Changing Hats: From Enterprise Security to Threat Intelligence as a Service

In the cybersecurity space, the role of an analyst varies widely. Two job listings for different companies with the exact same title, such as “security analyst,” might have completely different job functions or levels of responsibility. Some organizations have small security teams with analysts managing a broad scope of information security functions with help from third-party security vendors, while others are structured to have more specialized analysts focused on deep-diving into one facet of cybersecurity, such as vulnerability management or threat intelligence.

The contrast I want to focus on, and one I have personally experienced, revolves around the question, “Who are you protecting?” As a technical threat analyst at Recorded Future, I am focused on providing threat research for customers from a vast set of industries and geographies. Contrarily, my previous role as a security analyst at a financial services company revolved around protecting one company within the financial services industry. Reflecting on my two years on an internal security team and one year in threat intelligence as a service, I will reflect on the advantages and challenges each role brings, as well as why they can be stronger together.

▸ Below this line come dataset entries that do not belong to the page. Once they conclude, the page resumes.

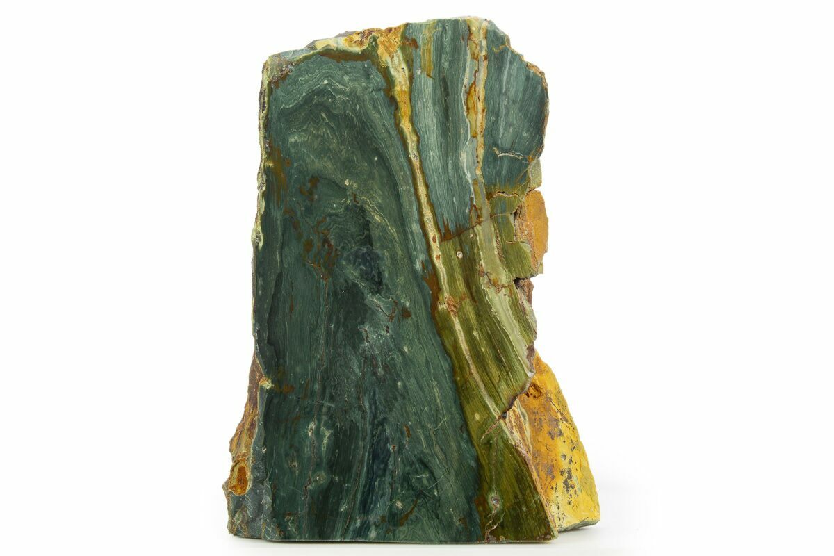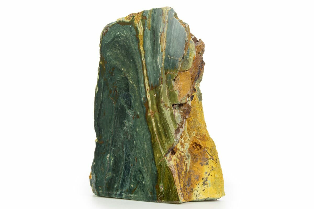This is a 5.9" tall section of jasper replaced petrified wood that was collected near McDermitt, Oregon. This section has been polished to a glossy finish on one side and the base has been cut flat for aesthetic presentation. It has absolutely stunning blue and green coloration.
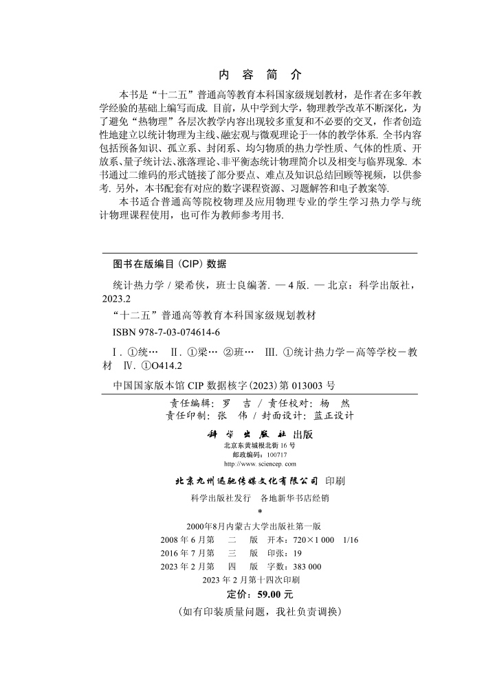 梁希侠 班士良 科学 现货正版 社 十二五规划教材 龙门书局出版 9787030746146 统计热力学第四版
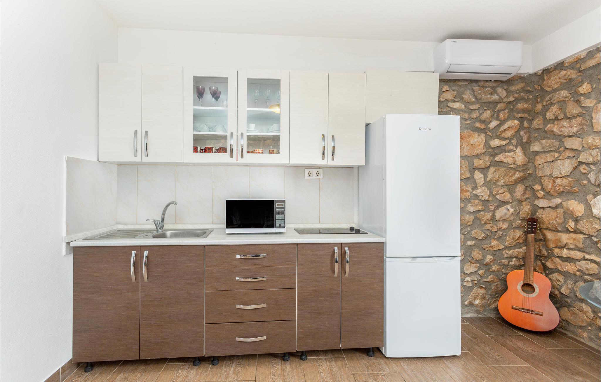 I bor tæt på den større by Dobrinj og har en butik og en restaurant i nærheden. Udforsk øen Krk, som er fuld af muligheder for underholdning, rekreation, vandreture og vandsport. Det gastronomiske tilbud er af høj standard her, og det samme gælder øens vinhuse, som du primært finder i Vrbnik.
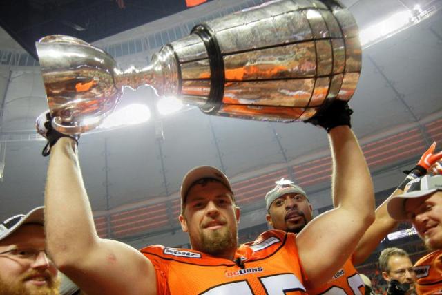 ![]() Fredericton's Dan McCullough holding the Grey Cup Dan began his football career with CAMFA in 1996. |
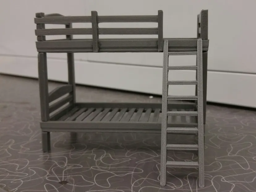 Một chiếc giường tôi thiết kế cho ngôi nhà chơi của các con gái tôi. Dựa trên một thiết kế tôi tìm thấy trực tuyến ở đây: https://woodgears.ca/bed/bunk_bed/plans.html đã chỉnh sửa một chút khi tôi vẽ nó trong Autodesk 123D Design.
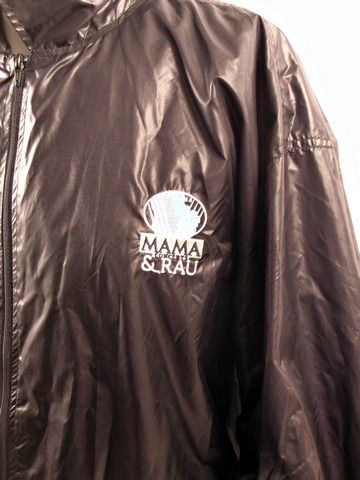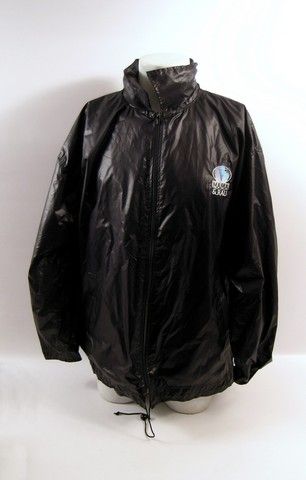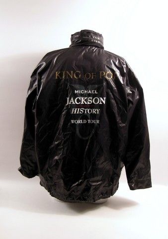 A limited edition Michael Jackson crew jacket , worn by one of Jackson's main long-time crew members, Robert Karasek. On the back is printed 'KING OF POP" in gold, and under that "MICHAEL JACKSON HISTORY WORLD TOUR". The "MJ" trademark initials are printed in shadow gray behind it. The official "MAMA & RAU CONCERTS" logo is embroidered on the right front. The Ana Anakos Creation Exclusive Fashion Label is inside. Made of luxurious waterproof material to stand the sudden weather changes of one of the greatest world musical tours of all time. It also includes a zip pocket with a hidden hoodie. In one of the hand pockets are several Peppermint Lifesavers in their original foil, which was Jackson's favorite candy! (Black & XL).

Wearing Many Hats (Defending an Enterprise)

My first job after graduating with a degree in computer science was as a security analyst within an investment management company’s IT department. My responsibilities touched on a few different aspects of information security, but my frame of reference hinged on threats relevant to the financial services industry and the nuances of that company. I supported compliance controls by monitoring for suspicious activity on critical databases and responded to audit requests. I maintained metrics around the organization’s risk exposure and provided security awareness training for new employees. And if any of our systems alerted on a possible intrusion on our network, I dropped all of this to investigate the incident. I’m sure this sounds familiar to many security analysts with smaller, less specialized teams.

This many-sided role allowed me to see how all of the moving parts of an organization’s cybersecurity program fit together. I became familiar with many security technologies and learned how to communicate about security to different audiences. However, it also limited the time I had left to invest in research and threat intelligence. For me, in our relatively young security program, this did not go much further than finding indicators of compromise (IOCs) to integrate into our automated intrusion detection systems. It was a work in progress and a small part of my day-to-day, but it was also a good starting point, just as my other responsibilities were the starting point for my transition to a threat intelligence-focused role.

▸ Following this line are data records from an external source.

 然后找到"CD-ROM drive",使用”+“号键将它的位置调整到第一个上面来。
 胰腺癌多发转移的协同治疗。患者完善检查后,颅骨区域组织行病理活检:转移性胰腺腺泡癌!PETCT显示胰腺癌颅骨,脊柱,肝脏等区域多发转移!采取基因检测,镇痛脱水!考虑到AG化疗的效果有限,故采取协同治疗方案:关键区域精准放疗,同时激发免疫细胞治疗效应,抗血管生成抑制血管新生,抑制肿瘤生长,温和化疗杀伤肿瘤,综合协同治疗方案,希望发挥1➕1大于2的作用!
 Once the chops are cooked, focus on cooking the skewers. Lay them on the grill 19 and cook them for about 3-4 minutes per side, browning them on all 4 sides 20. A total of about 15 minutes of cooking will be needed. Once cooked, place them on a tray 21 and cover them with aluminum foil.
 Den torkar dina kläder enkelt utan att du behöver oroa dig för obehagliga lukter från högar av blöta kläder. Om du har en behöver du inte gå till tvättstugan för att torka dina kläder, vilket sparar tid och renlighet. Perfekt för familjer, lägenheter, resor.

Wear the Hat That Fits (Threat Intelligence as a Service)

While threat intelligence was not a big part of my first job, my technical background and incident response experience were well-suited to the technical threat analyst role in Insikt Group, Recorded Future’s threat research component. The investigative nature of my past role is particularly applicable, as my main focus now is surfacing actionable threat leads, such as new malware variants or campaigns, and efficiently communicating my findings to our customers. I utilize our software and data heavily to perform and summarize research I probably wouldn’t have had time to do in my previous role.

While my job functions have become more focused on research and reporting, the scope of relevant information has increased tenfold. Our customers are spread across many industries and countries, so it is necessary to operate with a more worldly view and learn about the attack vectors that impact different types of organizations.

Hat in Hand

While there are many qualities that distinguish the above roles from each other, I believe that these distinctions also leave room for the analysts in these roles and their organizations to help each other. I use my experience as a security analyst at an investment management firm to analyze threats that may impact organizations in the financial services industry, and feedback from organizations in this industry and in others helps me understand their pain points and how I can enable them to better defend themselves.

In turn, as an analyst for a threat intelligence service provider, I can do deep-dive research and analysis on emerging threats and then present that analysis in a way that is easy for our customers to consume, whether it is a detailed blog post or a brief analyst note, so they can make the best decision for their organizations’ security going forward.

Diana Granger

Diana Granger is a technical threat analyst with the Insikt Group at Recorded Future.